When paired with glob patterns, pathlib becomes even more powerful:

for file_path in dir_path.glob('*.txt'):
    print(file_path)

Using the os.scandir() and with Statement

Python 3.5 introduced os.scandir() which returns an iterator instead of a list. It’s more efficient when you’re working with large directories:

import os

with os.scandir('/path/to/directory') as entries:
    for entry in entries:
        if entry.is_file() and entry.name.endswith('.txt'):
            print(entry.path)

Error Handling

When iterating through directories, you may encounter permissions errors or broken links. It’s important to handle these exceptions:

import os

try:
    with os.scandir('/path/to/directory') as entries:
        for entry in entries:
            if entry.is_file() and entry.name.endswith('.txt'):
                print(entry.path)
except PermissionError as e:
    print(f'Permission denied: {e}')

Advanced Directory Traversal With Third-Party Libraries

While the standard library provides decent capabilities for directory traversal, there are several third-party libraries such as scandir and glob2. These deliver improved functionality or simpler syntax for complex tasks.

Conclusion

In conclusion, Python provides several methods to iterate over all the files in a directory.

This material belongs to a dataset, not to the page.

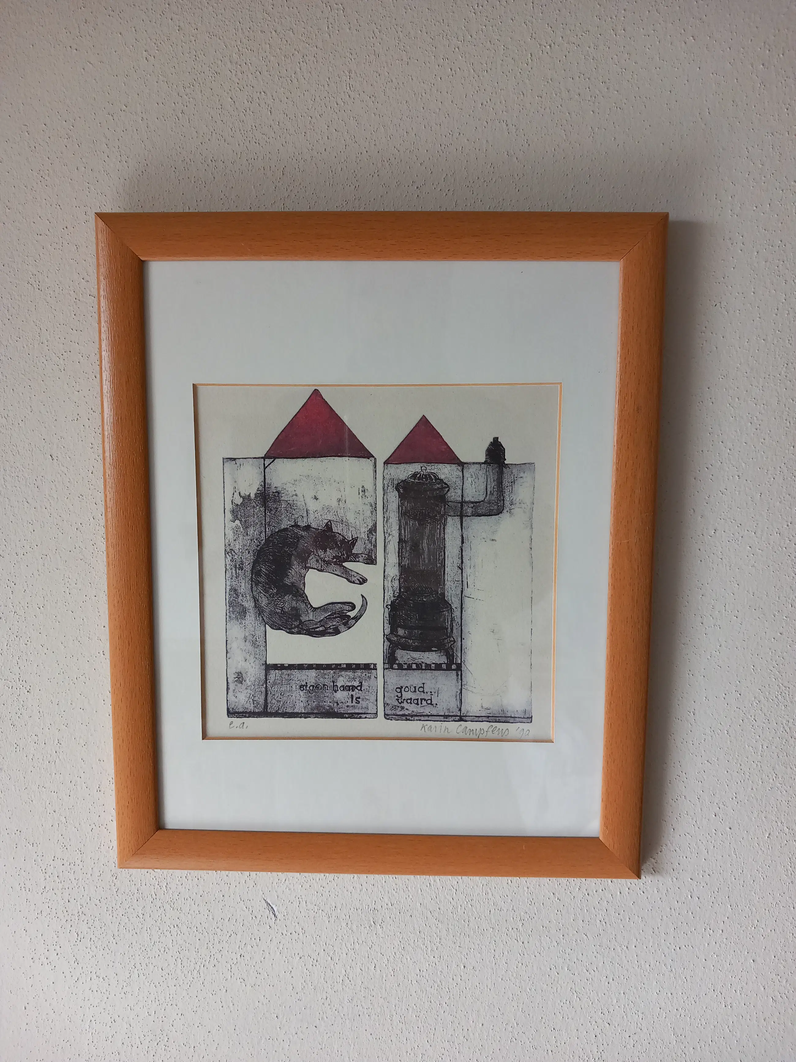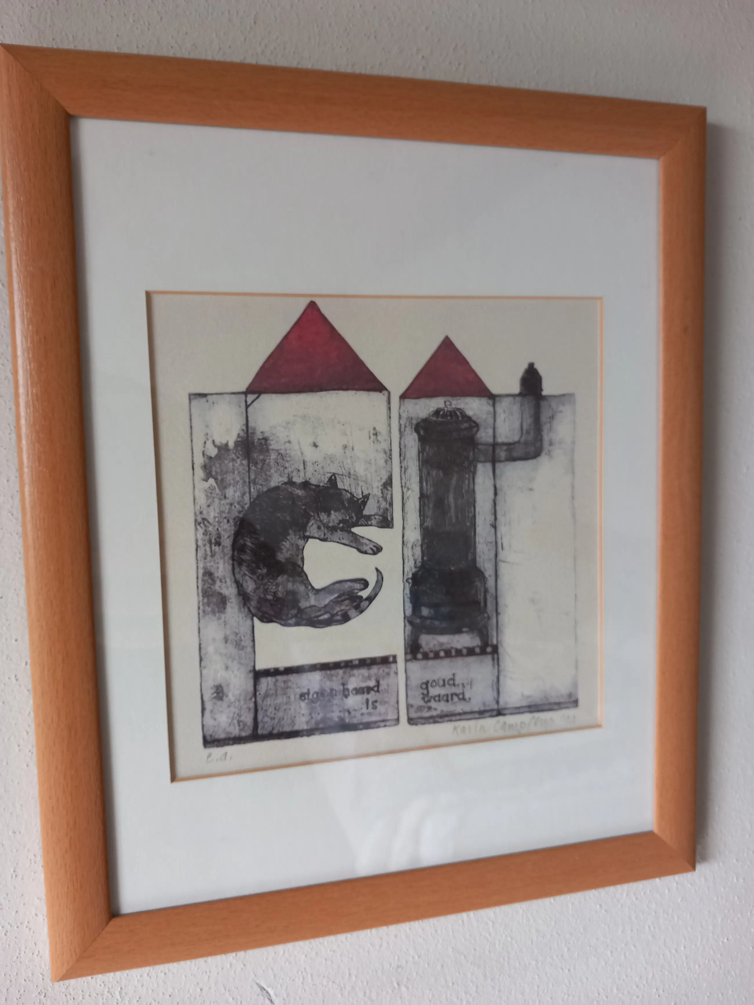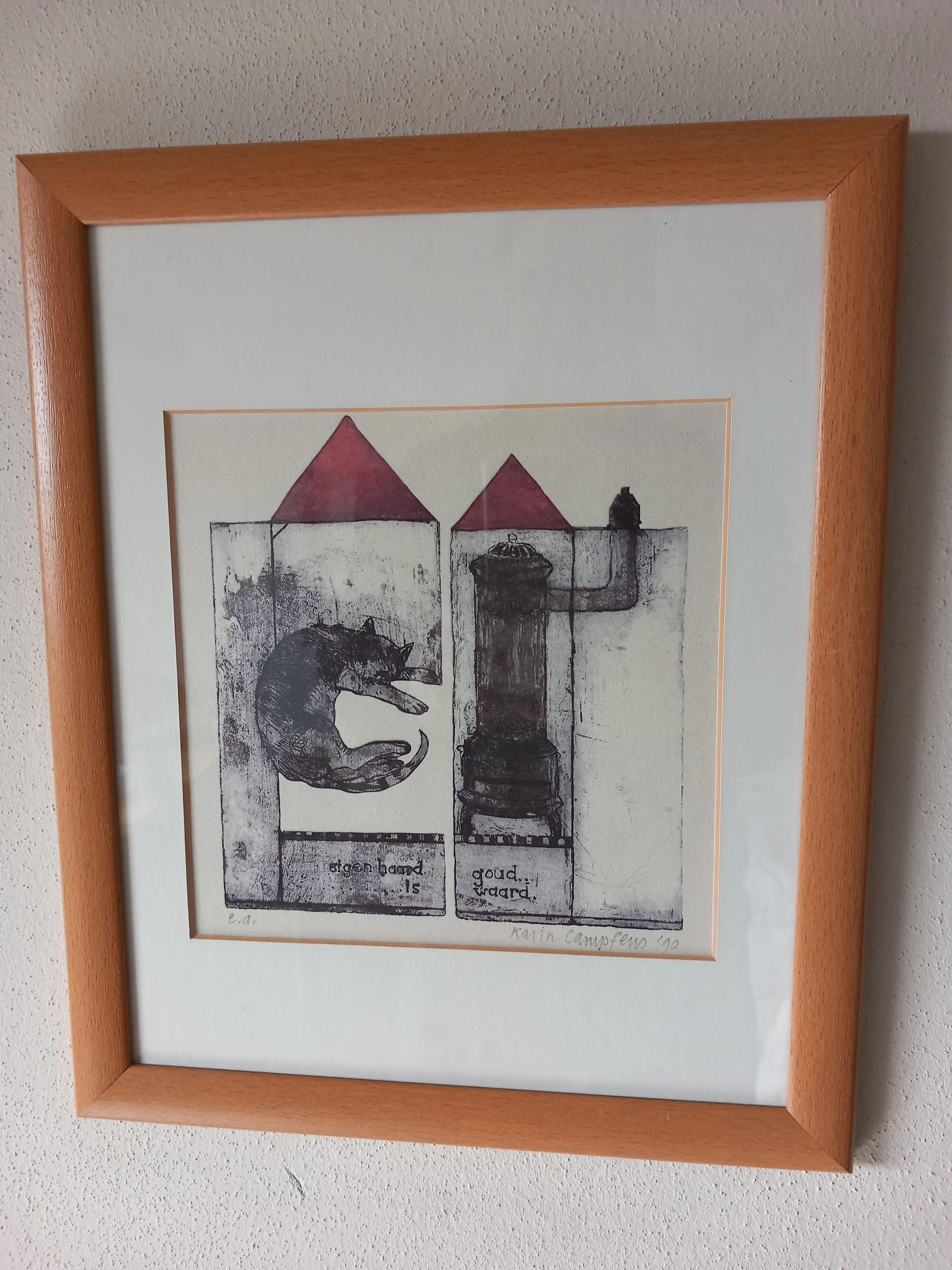 Fraaie kleurenets van Karin Campfens omstreeks 1990 met een abstracte verbeelding van een huiselijke scene, waarbij een kat zich heeft neergevlijd naast een ouderwetse potkachel. In de afbeelding verwerkt de spreuk Eigen haard is goud waard. Ets ingelijst met passe-partout in een nette lijst (kunststof imitatie van hout). Ets en lijst in gebruikte maar nette staat, met mogelijk kleine gebruikssporen maar geen grote gebreken.

Your choice will depend on your exact requirements – for simpler tasks, os.listdir() may be adequate, whereas for walking a directory tree, os.walk() or pathlib.Path() along with glob patterns gives you a powerful toolset. Remember to handle any potential errors in order to make your scripts robust and reliable.

No matter which method you choose, you’ll be able to build efficient scripts that can harness the capabilities of Python’s file handling to accomplish a wide array of tasks. The code samples provided here offer a jumping-off point to get started with iterating files in a directory. With this knowledge in hand, you can confidently handle file systems in your next Python project.